N’y a-t-il pas dans ce cadre à la fois restrictif et complexe la marque de l’inadaptation du RGPD à l’innovation ?
« Le RGPD n’est sans doute pas parfait, mais il a le très grand mérite de poser les limites nécessaires à l’animation d’un débat constructif. »
C.M. L’une des limites du RGPD est qu’il ne pose pas explicitement le principe du droit à l’expérimentation. Mais en France ou ailleurs, le législateur national est pleinement compétent pour autoriser les villes, sur la base du RGPD, à tester des innovations. Le RGPD n’est sans doute pas parfait, mais il a le très grand mérite de poser les limites nécessaires à l’animation d’un débat constructif. Il est protecteur, pas conservateur.

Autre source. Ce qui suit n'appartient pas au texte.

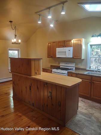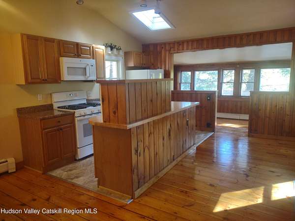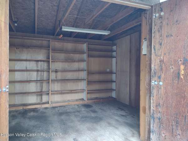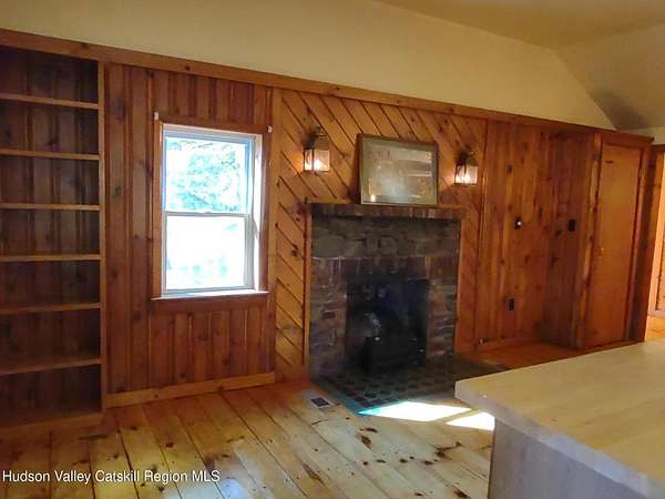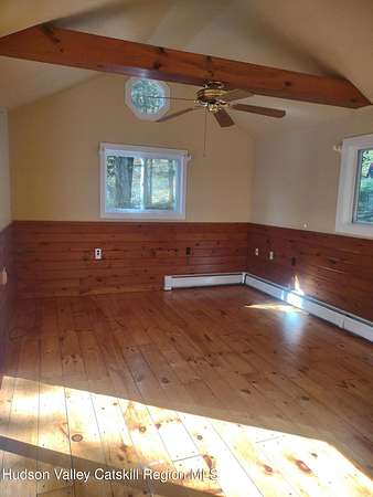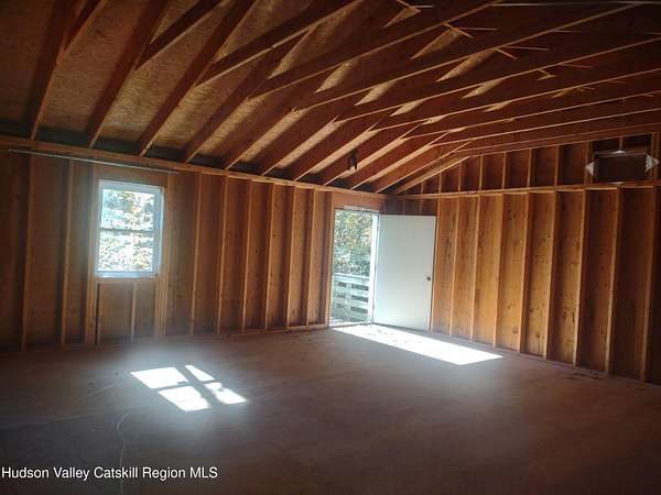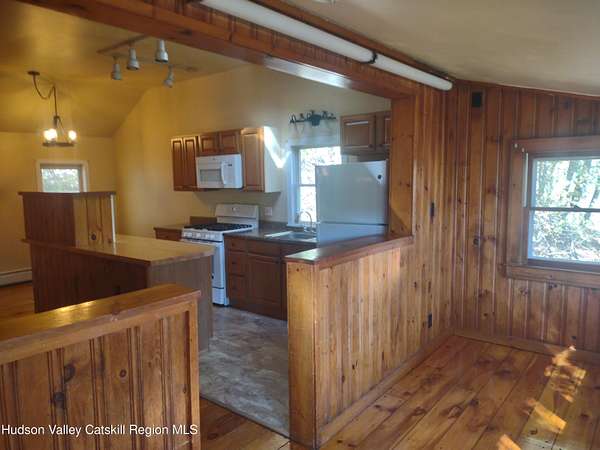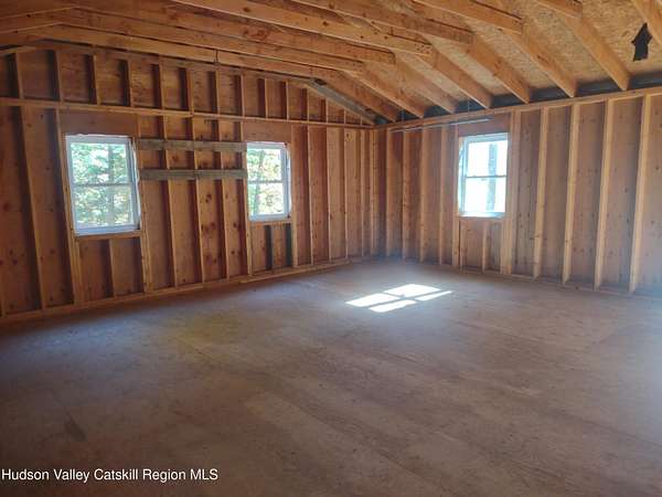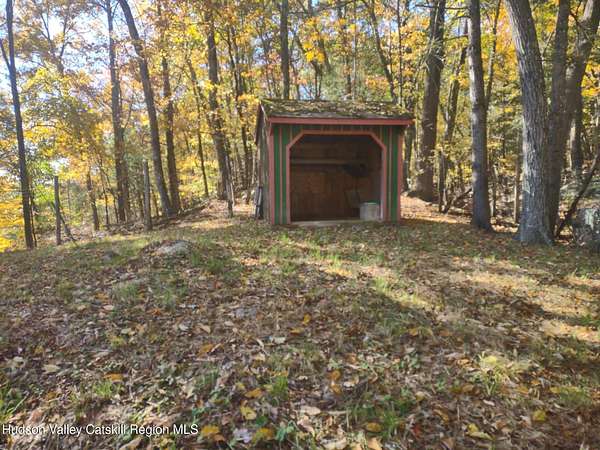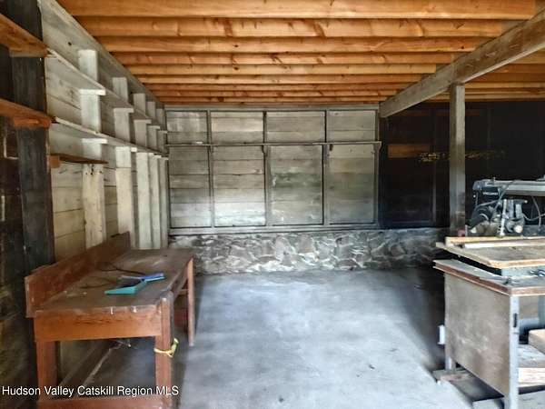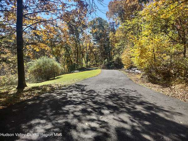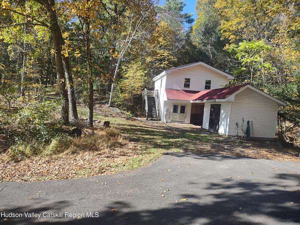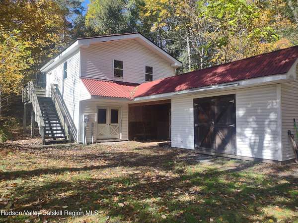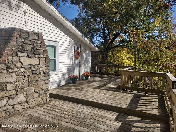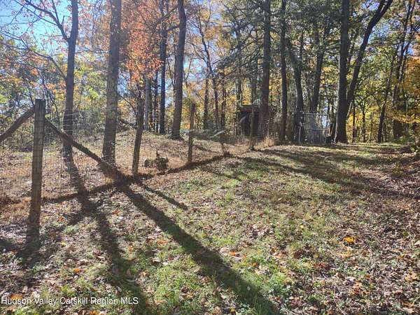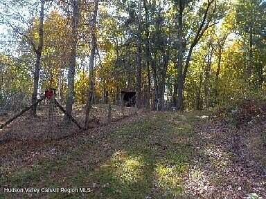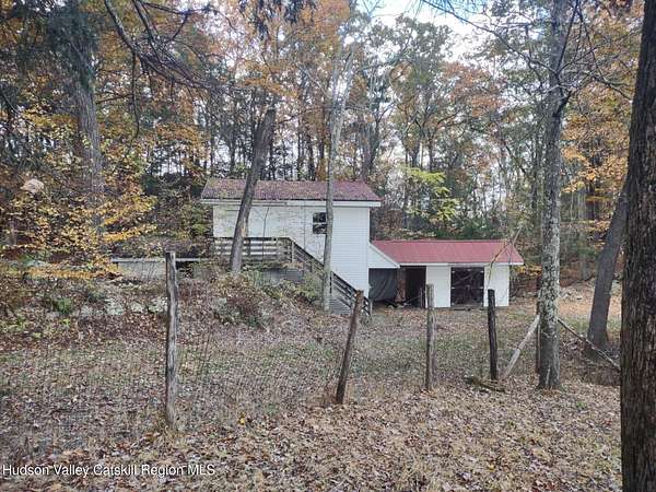 Private Hilltop property with vacation or full-time cottage. Very large newer barn with loft second story that could be artist studio, apartment or guest quarters. Separate electric system for barn. Fenced in area with turn out shed for animals. Cottage has large bedroom and sleeping loft, Great room with Living, dining and kitchen area. Great room can be enlarged into sunroom area. Large wrap-around deck. Great starter home with possibility if enlargement Close to Historic Rondout area and boating.
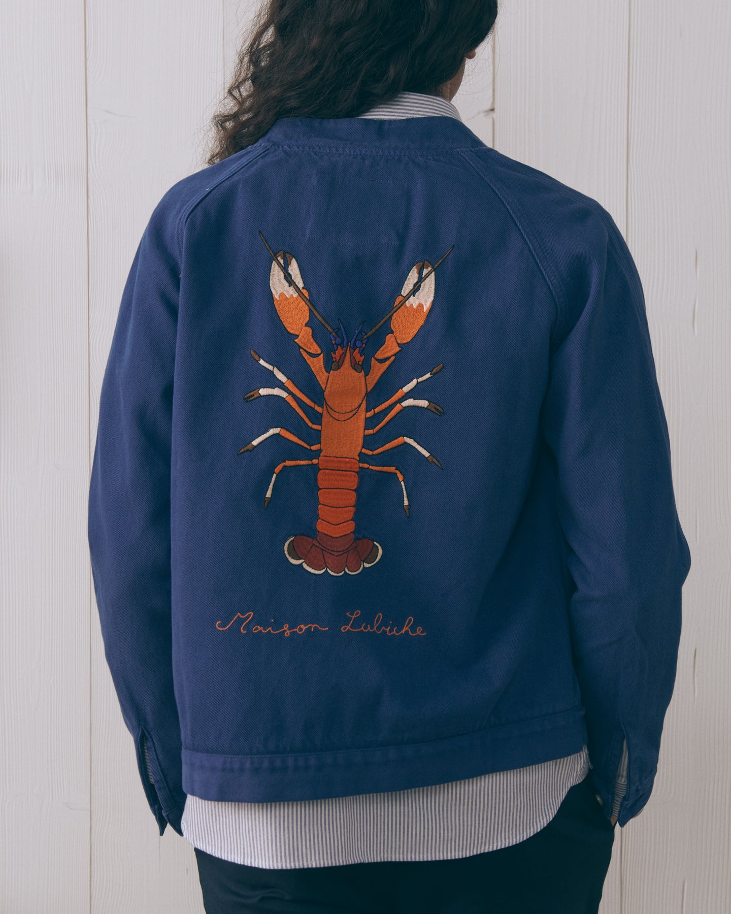Our essential Amelot jacket has a straight cut, a teddy collar, piped side pockets, and buttoned cuffs and hem. Its embroidery is for lobster lovers.

Prenons le principe du consentement préalable des personnes… Vous dites qu’il s’avère problématique dans le cadre de l’espace public. Google, lui, dit qu’il n’est tout simplement pas possible techniquement.
C.M. Google veut construire un morceau de ville créé dès sa conception avec une couche numérique. Le problème dans le monde de la donnée, c’est que les grands acteurs, à savoir les GAFA, et Google au premier chef, se veulent à la fois les théoriciens, les producteurs et les régulateurs. Ils prétendent inventer les concepts, définir les règles et être juges de leur application ! Il y a urgence à sortir de ce monopole de fait, à ouvrir le débat en y associant pleinement les citoyens, à questionner les postulats en place et à réfléchir au statut de l’espace public. En outre, la technicité du sujet ne doit pas en escamoter la teneur éminemment politique et démocratique. C’est pourquoi il faut demeurer ferme sur ce principe de l’anonymat. Car ne nous voilons pas la face, si l’on met en cause ce substrat philosophique posé par les Lumières qu’est le droit à l’anonymat, la ville sera tout bonnement invivable. Ce qui rend la promiscuité urbaine supportable, c’est précisément la possibilité de l’anonymat, parce que celui-ci crée dans la proximité une distance salvatrice.
Selon vous, le RGPD n’est donc pas l’acte de décès de la smart city ?
C.M. Il peut même être exactement le contraire, si l’on accepte d’en faire la base d’un débat sensé, responsable et constructif. Le RGPD est une opportunité pour la smart city. Je pense fondamentalement que la smart city n’a d’avenir que si elle est « soutenable ». Soutenable socialement, politiquement, mais aussi du point de vue écologique. Dans tous les domaines, la finance, l’énergie, la production, la consommation, il est admis qu’il s’agit désormais de faire plus avec moins. Dans tous les domaines… sauf celui de la donnée, où le discours est encore sous-tendu par la supposée loi de Moore, le principe d’un « toujours plus » exponentiel. Or, le développement durable, qui s’est construit sur trois piliers historiques ‒ l’environnemental, l’économique, le social ‒, ne peut plus être pensé aujourd’hui à côté de la métrique numérique.